Colonel Anderson looked at Hank, pure vitriol in his eyes. “Is that so? Then as Leading Colonel, I find that this establishment has no other choice. We need to find the next level of weapons. If they need a reason to build, by God we’ll give them a reason. Put our observer back in his Box. He gets to watch his race start all over again. There must always be progress.”

Hank realized what Anderson meant. “You wouldn’t…That won’t work! It’ll just…” But midsentence, Hank’s eyes were closed, and he felt the familiar pull return.

Hank’s eyes reopened. He scrambled to his feet, back in the Box. But it was too late. He stared down at the lake, now coated with viscous, black oil. Noxious chemicals poured into air, turning the sky red.

Everything inside the Box was destroyed. Blown to rubble. Blocks and blocks of city, demolished. “There must always be progress.” Colonel Anderson’s words rang in Hank’s head. He looked around, trying to see the extent of the damage. Throngs of Workers, from all different areas of the Box, shambled to the center of the city. When Hank saw them, his heart sank. They still had static, empty eyes.

Hank followed them to the rubble of the hyprochip factory. He knew he had to take control of the situation quickly, if he had any hope of keeping his job.

The crowd formed a circle and stood there, staring blankly. The static splashed around their eyes, showing no sign of stopping. Hank walked to the middle of the circle, studying the Workers as he went. Everything was silent except for the crackling of the burning fires.

As Hank weighed his options, he looked into the lifeless eyes surrounding him. He knew he didn’t really have a choice. They were still humans. This wasn’t right.

“My name is Hank Jennings,” he shouted to the crowd. I’ve been living among you for a year now. Observing you, watching your progress. I’m part of a team. A team who is using you to invent everything that humans can invent, but mostly weapons. You are being kept in a Box and controlled by people on the outside. They converted you, so you could invent for them. But because you are finished inventing, you have run out of purpose. They destroyed everything, trying to give you that purpose again.”
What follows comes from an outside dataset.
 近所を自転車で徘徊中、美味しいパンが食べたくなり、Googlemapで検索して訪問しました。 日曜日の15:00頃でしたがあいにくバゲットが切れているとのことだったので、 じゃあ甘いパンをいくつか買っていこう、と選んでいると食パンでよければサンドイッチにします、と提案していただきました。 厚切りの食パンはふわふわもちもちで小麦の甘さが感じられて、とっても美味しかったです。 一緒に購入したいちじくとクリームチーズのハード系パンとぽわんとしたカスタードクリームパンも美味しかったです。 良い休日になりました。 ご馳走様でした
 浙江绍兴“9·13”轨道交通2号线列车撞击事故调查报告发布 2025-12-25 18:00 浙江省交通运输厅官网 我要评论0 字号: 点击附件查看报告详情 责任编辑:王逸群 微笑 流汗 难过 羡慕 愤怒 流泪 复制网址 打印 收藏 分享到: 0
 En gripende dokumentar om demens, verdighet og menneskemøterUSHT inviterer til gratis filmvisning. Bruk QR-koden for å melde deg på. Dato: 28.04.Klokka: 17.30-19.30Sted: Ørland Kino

As the Workers processed this new information, the static disappeared from their eyes. Inside them, Hank could see curiosity returning. There was something new to discover—the world outside the Box. Hank put his hand on his invigilator watch. He took a deep breath, and pulled. The watch resisted, pulling itself back down onto his arm. With a yell, Hank ripped it off. With the watch came meters of wires and blood. It poured out of the precise, small hole where his watch

used to be. The Colonel and his lackeys couldn’t control his eyes now.
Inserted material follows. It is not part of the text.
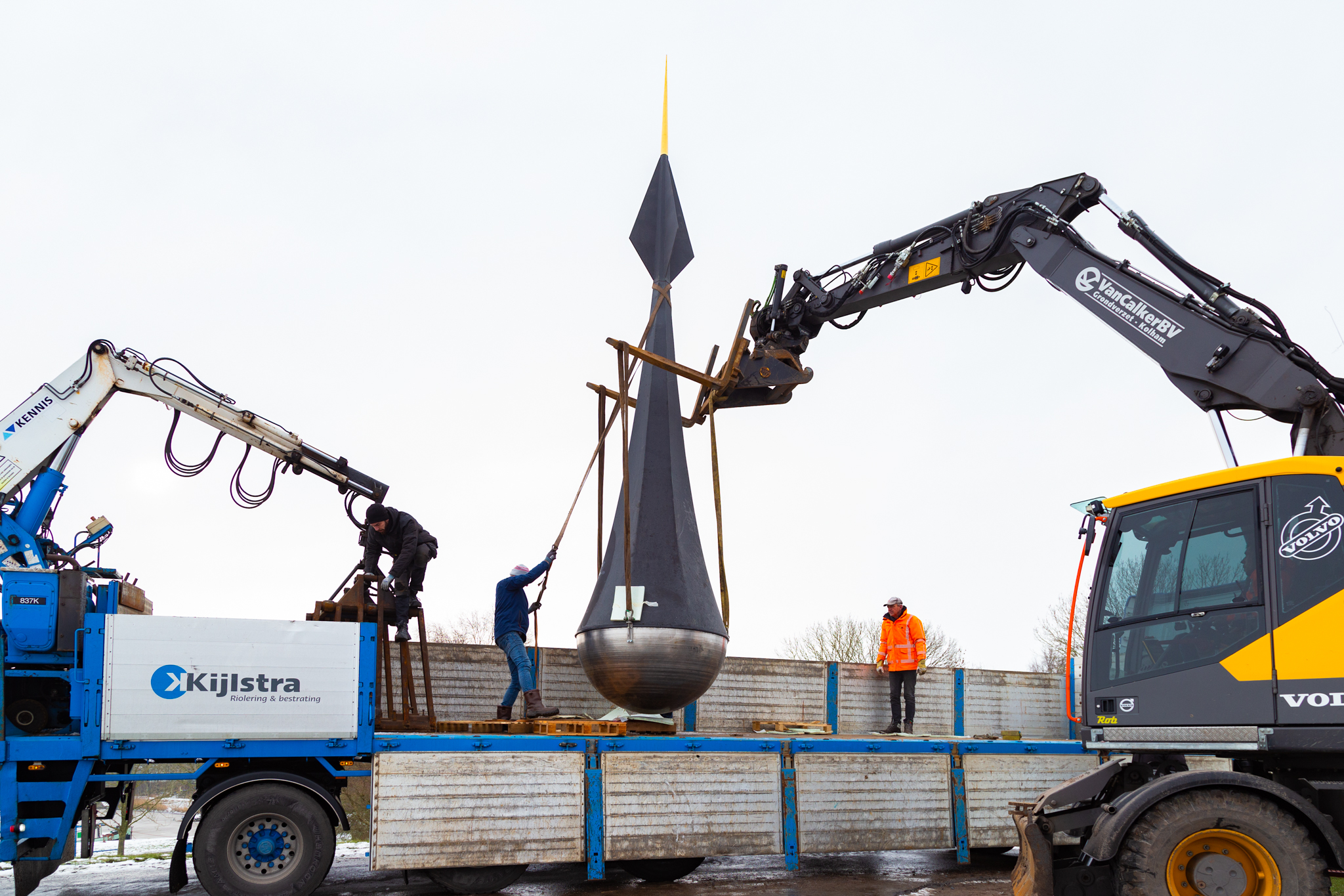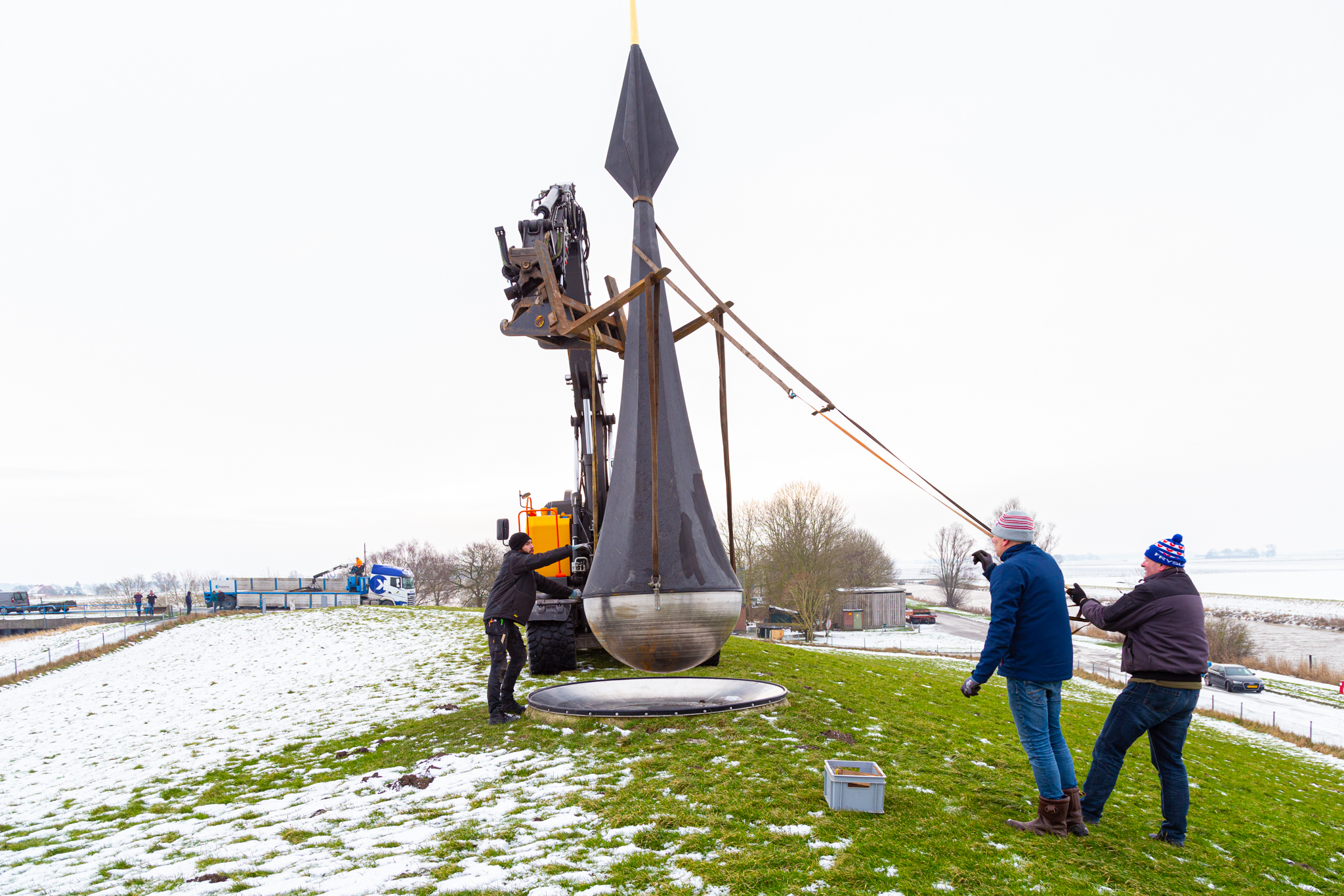 Nieuwe Statenzijl – De Waaiboei is teruggekeerd naar zijn vertrouwde plek in Nieuwe Statenzijl na een verdwijning rondom de kerstperiode. Het markante kunstwerk, dat normaal gesproken de dijk siert, was op 1 januari plotseling opgedoken in de Friese stad Drachten.

The Workers all watched in quiet curiosity. They followed Hank’s example, and in perfect synchronicity ripped their watches off of their bodies. The bloody wires were thrown down in a tangled mass.
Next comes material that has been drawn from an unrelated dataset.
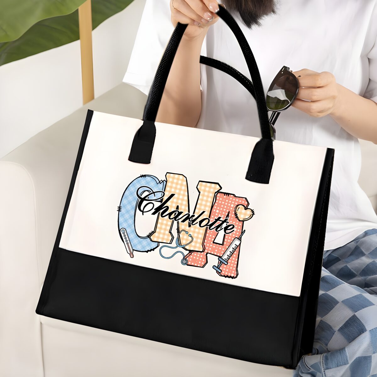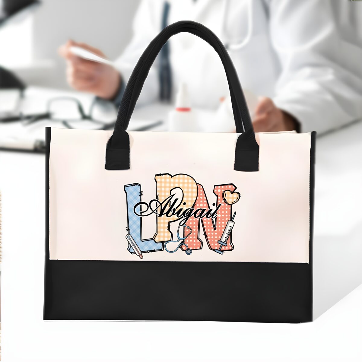 Personalized Nurse Canvas Tote Bag – Large Capacity Medical Work Bag with Custom Name and Occupation

The Workers mobilized. Moving as a unified force, they excavated a massive energy cannon from beneath the rubble. Hank watched, amazed, as the strongest ones carried it toward the edge of the Box, the rest of the Workers following in a silent parade.

When they reached the edge, the Workers prepped it, aiming the cannon at the wall. The cannon began to hum.

Ready...Aim...

Hank’s blood ran cold. He watched in horror as a small turret rose out of the ground behind the Workers. “Hey, look out!”

Fwooooosh! A gust of flame blew through their ranks. Workers dropped like flies. The few survivors ran. They were met with more turrets, in every direction. Immediately, their eyes lost the hopeful curiosity and Nature’s instinct gave them a new purpose—to survive.

Some of the Workers put up a futile fight. They never made a sound as they were euthanized.

The Box was quiet. Hank sat by his favorite lake, no longer pristine, but dirty and polluted. Fires crackled around him. There were no more static, empty eyes…no more attacks from turrets… just the sound of the dying fires and the gentle splash of ripples. “There must always be progress.”

Hank felt the static start to envelop his eyes.